#### [Data to process]
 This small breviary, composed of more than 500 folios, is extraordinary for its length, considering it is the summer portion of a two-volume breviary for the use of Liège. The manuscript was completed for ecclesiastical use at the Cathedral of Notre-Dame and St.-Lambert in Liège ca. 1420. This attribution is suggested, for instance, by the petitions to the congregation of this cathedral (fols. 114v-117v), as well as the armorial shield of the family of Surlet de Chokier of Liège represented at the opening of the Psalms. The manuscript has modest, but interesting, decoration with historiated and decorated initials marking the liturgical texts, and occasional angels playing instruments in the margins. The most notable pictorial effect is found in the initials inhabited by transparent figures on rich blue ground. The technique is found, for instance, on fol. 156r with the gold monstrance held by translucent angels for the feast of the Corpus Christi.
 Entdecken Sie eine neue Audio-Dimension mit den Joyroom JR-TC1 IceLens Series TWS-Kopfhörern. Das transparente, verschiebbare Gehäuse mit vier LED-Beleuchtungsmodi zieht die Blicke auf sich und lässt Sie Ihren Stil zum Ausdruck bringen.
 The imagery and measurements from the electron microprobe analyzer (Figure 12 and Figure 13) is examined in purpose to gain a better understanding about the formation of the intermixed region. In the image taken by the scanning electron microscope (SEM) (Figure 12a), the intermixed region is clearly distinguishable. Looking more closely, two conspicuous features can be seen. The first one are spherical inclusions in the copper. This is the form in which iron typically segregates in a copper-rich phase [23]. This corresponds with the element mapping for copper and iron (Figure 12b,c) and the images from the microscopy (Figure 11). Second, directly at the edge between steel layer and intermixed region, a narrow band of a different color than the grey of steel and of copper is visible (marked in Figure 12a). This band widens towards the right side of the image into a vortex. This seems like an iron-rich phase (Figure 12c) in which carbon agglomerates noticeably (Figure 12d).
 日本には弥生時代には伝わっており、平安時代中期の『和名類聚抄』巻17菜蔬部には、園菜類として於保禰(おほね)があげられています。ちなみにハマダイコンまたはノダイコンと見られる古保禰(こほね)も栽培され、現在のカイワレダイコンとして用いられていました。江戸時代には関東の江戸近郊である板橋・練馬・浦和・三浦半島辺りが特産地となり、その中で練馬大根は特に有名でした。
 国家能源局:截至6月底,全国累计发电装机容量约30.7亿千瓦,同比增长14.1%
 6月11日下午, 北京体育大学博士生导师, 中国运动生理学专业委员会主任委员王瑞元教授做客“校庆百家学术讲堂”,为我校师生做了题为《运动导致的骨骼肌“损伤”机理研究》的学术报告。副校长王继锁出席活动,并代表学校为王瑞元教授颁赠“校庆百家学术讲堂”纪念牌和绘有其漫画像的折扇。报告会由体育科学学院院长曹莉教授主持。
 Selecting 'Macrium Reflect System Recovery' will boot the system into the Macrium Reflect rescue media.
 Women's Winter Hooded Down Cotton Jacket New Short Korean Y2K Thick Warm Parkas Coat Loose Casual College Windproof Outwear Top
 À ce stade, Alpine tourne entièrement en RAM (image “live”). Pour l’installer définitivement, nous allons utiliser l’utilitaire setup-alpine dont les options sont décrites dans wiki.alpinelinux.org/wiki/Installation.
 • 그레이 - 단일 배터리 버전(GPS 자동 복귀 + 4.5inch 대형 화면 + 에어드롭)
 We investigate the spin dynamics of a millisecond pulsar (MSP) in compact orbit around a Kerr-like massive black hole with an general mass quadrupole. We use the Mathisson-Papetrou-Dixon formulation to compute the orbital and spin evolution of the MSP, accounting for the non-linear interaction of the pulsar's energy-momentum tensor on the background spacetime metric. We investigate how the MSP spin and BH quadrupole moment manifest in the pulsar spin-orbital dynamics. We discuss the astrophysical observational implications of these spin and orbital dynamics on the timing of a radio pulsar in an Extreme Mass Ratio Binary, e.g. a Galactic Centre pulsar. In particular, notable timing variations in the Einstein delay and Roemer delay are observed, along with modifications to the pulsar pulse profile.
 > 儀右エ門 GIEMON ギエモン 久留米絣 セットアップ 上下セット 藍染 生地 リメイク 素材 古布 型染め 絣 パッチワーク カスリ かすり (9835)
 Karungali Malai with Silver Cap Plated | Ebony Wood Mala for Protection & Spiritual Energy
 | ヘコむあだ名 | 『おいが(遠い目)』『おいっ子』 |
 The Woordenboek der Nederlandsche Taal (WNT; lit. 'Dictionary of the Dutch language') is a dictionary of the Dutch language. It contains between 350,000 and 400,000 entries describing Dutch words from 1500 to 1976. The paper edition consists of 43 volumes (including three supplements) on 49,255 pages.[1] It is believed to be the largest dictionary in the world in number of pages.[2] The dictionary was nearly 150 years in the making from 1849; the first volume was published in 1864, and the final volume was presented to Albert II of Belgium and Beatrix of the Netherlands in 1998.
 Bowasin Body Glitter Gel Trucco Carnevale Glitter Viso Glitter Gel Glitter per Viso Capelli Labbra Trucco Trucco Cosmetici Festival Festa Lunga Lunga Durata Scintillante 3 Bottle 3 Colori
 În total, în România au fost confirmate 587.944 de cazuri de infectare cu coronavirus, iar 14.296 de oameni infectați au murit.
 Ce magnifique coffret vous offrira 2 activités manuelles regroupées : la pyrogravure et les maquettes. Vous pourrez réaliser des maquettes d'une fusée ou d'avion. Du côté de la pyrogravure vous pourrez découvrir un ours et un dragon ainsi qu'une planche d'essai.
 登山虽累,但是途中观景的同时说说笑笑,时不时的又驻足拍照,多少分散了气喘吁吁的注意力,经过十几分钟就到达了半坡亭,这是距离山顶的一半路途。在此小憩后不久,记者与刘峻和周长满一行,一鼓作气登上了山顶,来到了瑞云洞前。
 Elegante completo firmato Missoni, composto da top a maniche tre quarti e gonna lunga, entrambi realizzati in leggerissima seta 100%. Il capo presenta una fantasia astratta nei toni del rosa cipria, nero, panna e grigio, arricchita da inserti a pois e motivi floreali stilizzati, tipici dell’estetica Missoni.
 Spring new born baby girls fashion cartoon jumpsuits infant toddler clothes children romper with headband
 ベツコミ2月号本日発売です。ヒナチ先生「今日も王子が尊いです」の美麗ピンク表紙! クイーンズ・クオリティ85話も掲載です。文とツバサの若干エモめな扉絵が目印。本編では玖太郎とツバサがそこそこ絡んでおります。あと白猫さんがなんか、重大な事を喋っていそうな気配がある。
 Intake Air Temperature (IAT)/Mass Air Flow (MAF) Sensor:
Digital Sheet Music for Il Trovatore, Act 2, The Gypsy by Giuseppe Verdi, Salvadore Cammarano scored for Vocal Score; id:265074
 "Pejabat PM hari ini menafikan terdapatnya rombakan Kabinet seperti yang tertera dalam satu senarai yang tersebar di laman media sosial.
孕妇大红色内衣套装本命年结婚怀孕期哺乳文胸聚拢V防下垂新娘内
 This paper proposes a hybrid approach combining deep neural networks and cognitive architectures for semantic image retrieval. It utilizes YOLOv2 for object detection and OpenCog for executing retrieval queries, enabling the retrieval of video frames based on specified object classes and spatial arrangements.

#### [Problem to work on]
Filter the records for lines containing the word "media" and copy each one.

#### [Result of the task]
 Selecting 'Macrium Reflect System Recovery' will boot the system into the Macrium Reflect rescue media.
 "Pejabat PM hari ini menafikan terdapatnya rombakan Kabinet seperti yang tertera dalam satu senarai yang tersebar di laman media sosial.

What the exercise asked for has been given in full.